Tierra de contrastes, Extremadura constituye un destino idóneo para quienes quieren entrar en contacto con una realidad nueva, sorprendente y estimulante. Un viaje a través de ella se convierte en un verdadero paseo por la historia, marcando cada recorrido con distintos telones de fondo, con los cambios de unos paisajes a otros. ¡Vívela!
DOLMEN DE MAGACELA
Magacela es un municipio de la provincia de Badajoz, la población se sitúa en la parte más alta de la ladera de la sierra que lleva su mismo nombre, sierra sobre la que se alza el castillo cuyos orígenes alcanzan la protohistoria(los períodos de la Edad de Bronce y del Hierro están allí documentados), aunque sea durante la fase de ocupación islámica y la posterior de repoblación cristiana cuando se edifiquen construcciones que hoy pueden contemplarse.
También se conoce un asentamiento de la Edad del Cobre cercano a Magacela, a este momento se adscriben los abrigos con pinturas rupestres que aparecen en la cresta rocosa de la sierra.

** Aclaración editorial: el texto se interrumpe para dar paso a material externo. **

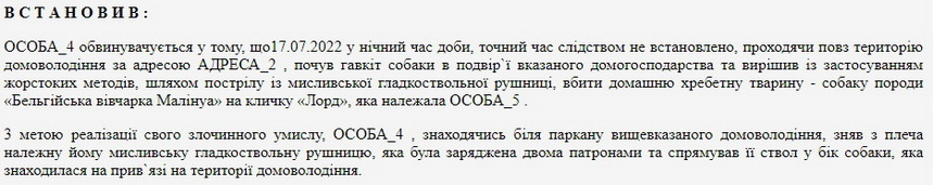 «17.07.2022 у нічний час доби, точний час слідством не встановлено, проходячи повз територію домоволодіння (…) почув гавкіт собаки в подвір`ї вказаного домогосподарства та вирішив із застосуванням жорстоких методів, шляхом пострілу із мисливської гладкоствольної рушниці, вбити домашню хребетну тварину – собаку породи «Бельгійська вівчарка Малінуа» на кличку «Лорд», яка належала ОСОБА_5. 3 метою реалізації свого злочинного умислу ОСОБА_4, знаходячись біля паркану вищевказаного домоволодіння, зняв з плеча належну йому мисливську гладкоствольну рушницю, яка була заряджена двома патронами, та спрямував її ствол у бік собаки, яка знаходилася на прив`язі на території домоволодіння», – йдеться у матеріалах суду.
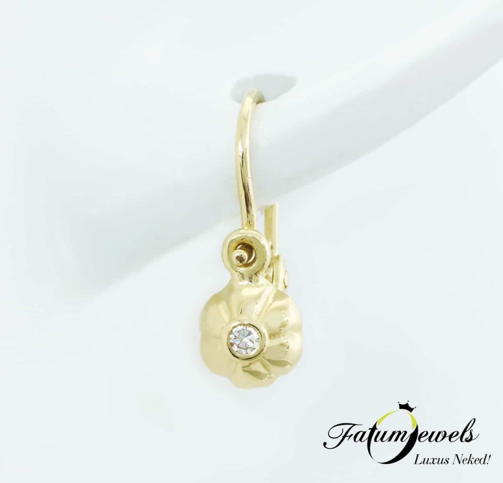 Aranyvirág gyémánt drágakővel, hogy a baba még elragadóbb legyen, ha ez egyáltalán lehetséges. Csodálatosan fénylő sárga arany virág, mely egész évben teljes pompájában látható, a virág közepén egy-egy gyémánttal. A babáknak is joguk van a csinos ragyogáshoz. Fatumjewels tervezésű biztonságos baba ékszer.

Completan el conjunto arqueológico de Magacela una seria de dólmenes o sepulcros megalíticos conocidos desde antiguo, que se datan también en el período calcolítico, se trata de dólmenes de Campillo (de tipo cupuliforme), Campillo II, el Revellado y el de Cerca del Marco o Marzoco, también llamado Dolmen de Magacela.
El dolmen del Marco se encuentra cercano a la población, teniendo un acceso muy sencillo: en la carretera que llega desde La Coronada, en las inmediaciones de Magacela, se ubica un camino a la izquierda que parte de la carretera, a muy pocos metros se alza el dolmen, en un terreno de labor arado. El dolmen se conforma con 12 ortostatos hincados que conforman una cámara poligonal de 4,8 metros de diámetro. Se documenta la galería como un tramo de 9 metros por 1,7 de ancho.
Una característica importante es la aparición de grabados en algunos de los ortostatos. Estos grabados se corresponden con la tipología esquemática y presentan varias figuras. Destaca un gran soliforme en el mismo ortostato en el que aparecen grabados un complejo ramiforma y un serpentiforme. Aparecen también distribuidas por este ortostato y por la mayoría de los que conforman el dolmen una seria de cazoletas (pequeños agujeros circulares labrados en la piedra), y de algunas de ellas parten trazos grabados, tanto lineales como serpentiformes. Los grabados son de trazos grueso, continuo y de cierta profundidad.